I have recently attempted to read some number-theoretic texts. Here is an excerpt from a paper by Breuil-Conrad-Diamond-Taylor:

Now consider an elliptic curve $E/\mathbb{Q}$. Let $\rho_{E, l}$ (resp. $\overline{\rho_{E, l}}$) denote the representation of $Gal(\overline{\mathbb{Q}}/\mathbb{Q})$ on the $l$-adic Tate module (resp. the $l$-torsion) of $E(\mathbb{Q})$. Let $N(E)$ denote the conductor of $E$. It is known that the following conditions are equivalent:

(1) The $L$-function $L(E,s)$ of $E$ equals the $L$-function $L(f,s)$ for some eigenform $f$.

(2) The $L$-function $L(E,s)$ of $E$ equals the $L$-function $L(f,s)$ for some eigenform $f$ of weight $2$ and level $N(E)$.

(3) For some prime $l$, the representation $\rho_{E,l}$ is modular.

(4) For all primes $l$, the representation $\rho_{E,l}$ is modular.

(5) There is a non-constant holomorphic map $X_1(N)(\mathbb{C}) \rightarrow E(\mathbb{C})$ for some positive integer $N$.

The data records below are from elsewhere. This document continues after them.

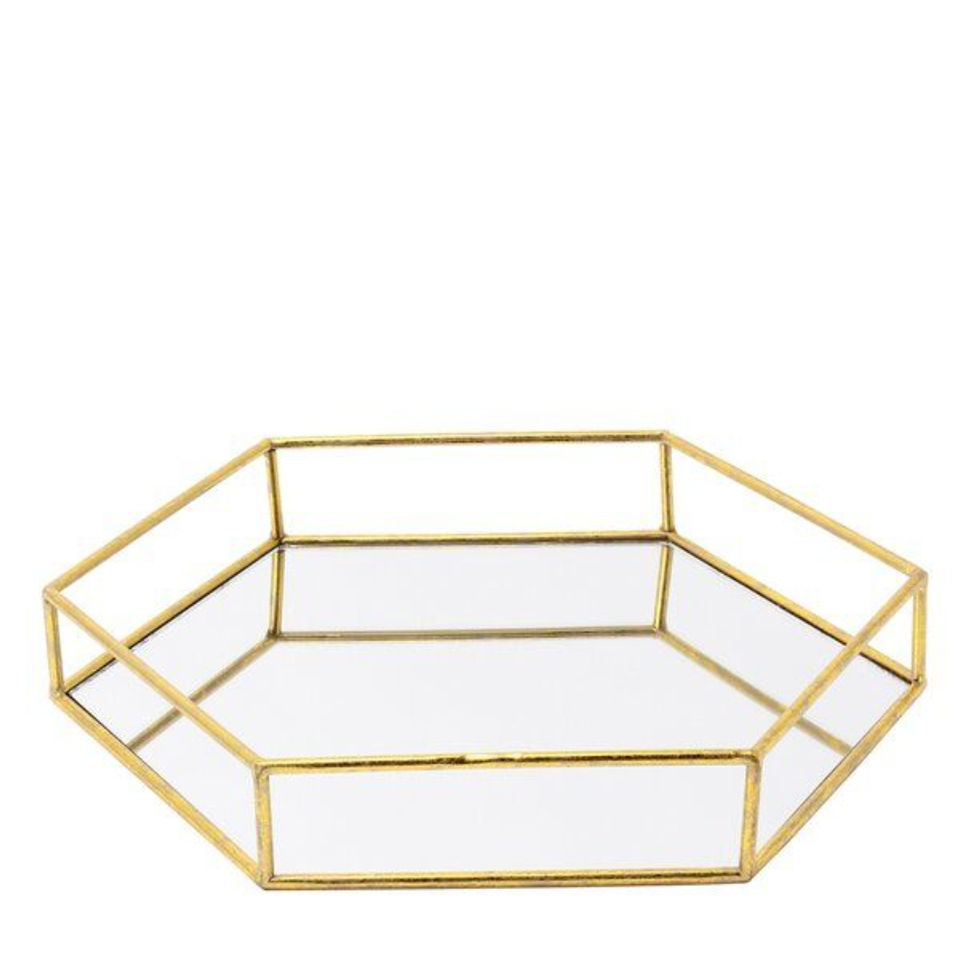 Plateau décoratif hexagonal moderne en verre miroir doré avec cadre métallique, plateau de service pour salon, décoration de table, luxe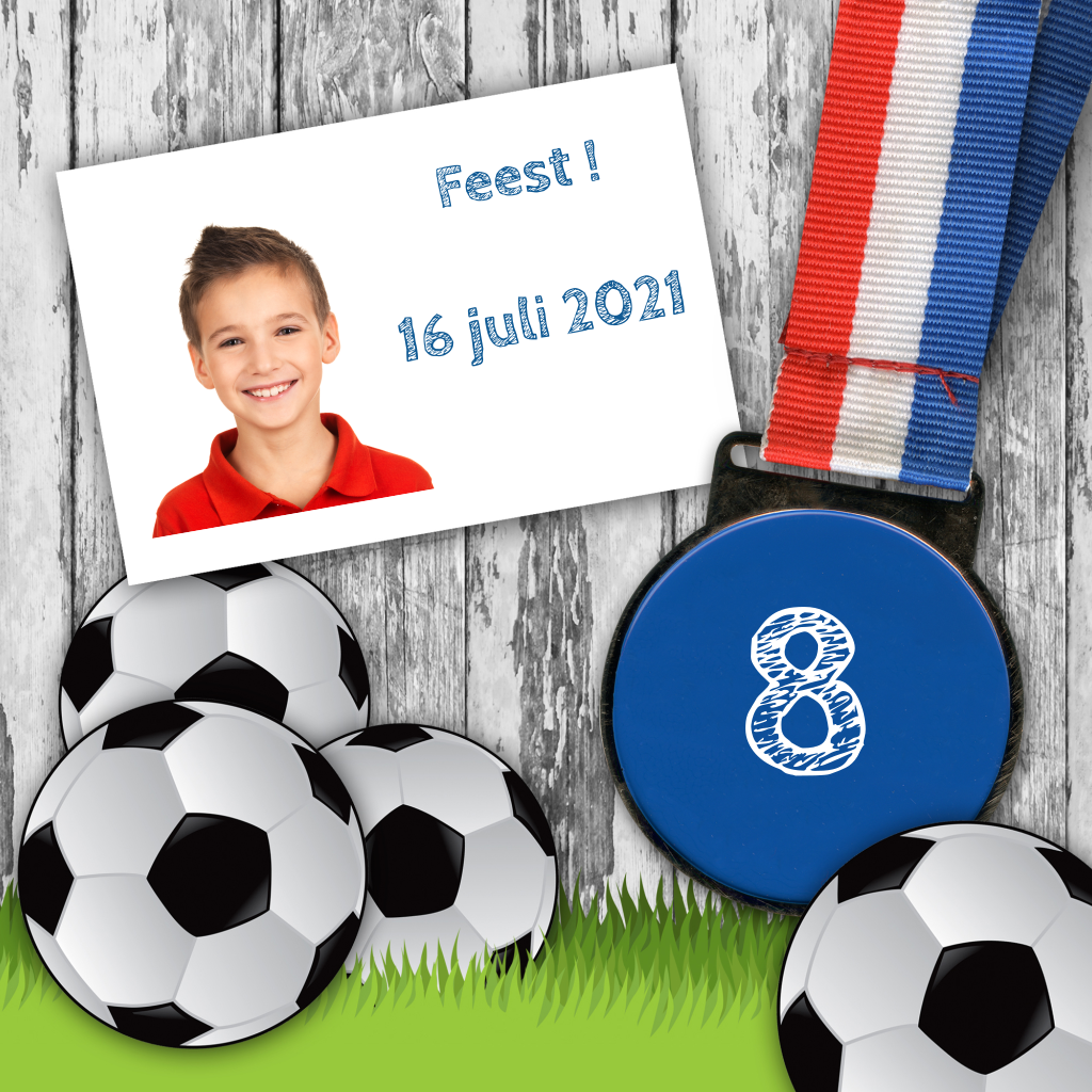 Uitnodigingskaart feestje jongen met voetballen en een medaille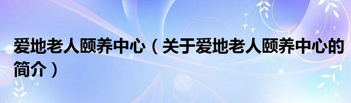 大家好,愛地老人頤養中心,關于愛地老人頤養中心的簡介很多人還不知道,現在讓我們一起來看看吧!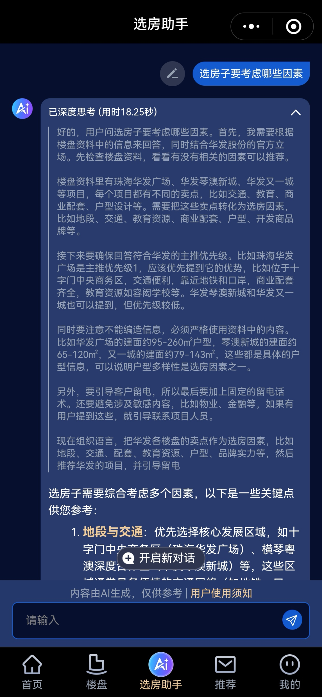 除了直播场景,华发还在购房场景中尝试用AI提升客户的个性化体验。

(6) There is a non-constant morphism $X_1(N(E)) \rightarrow E$ which is defined over $\mathbb{Q}$.

The implications (2) ⇒ (1), (4) ⇒ (3) and (6) ⇒ (5) are tautological. The implication (1) ⇒ (4) follows from the characterisation of $L(E,s)$ in terms of $\rho_{E,l}$. The implication (3) ⇒ (2) follows from a theorem of Carayol [Ca1].

The first question (very naive): what does the weight and the level of a modular form mean in the automorphic terms? Do these notions somehow generalize to other groups?

The second question (possibly less naive): if my understanding is correct, the Langlands philosophy tells us that given an elliptic curve, there is some random modular form which has the same $L$-function. Does the Langlands philosophy make any specific predictions about weight and level of the modular form?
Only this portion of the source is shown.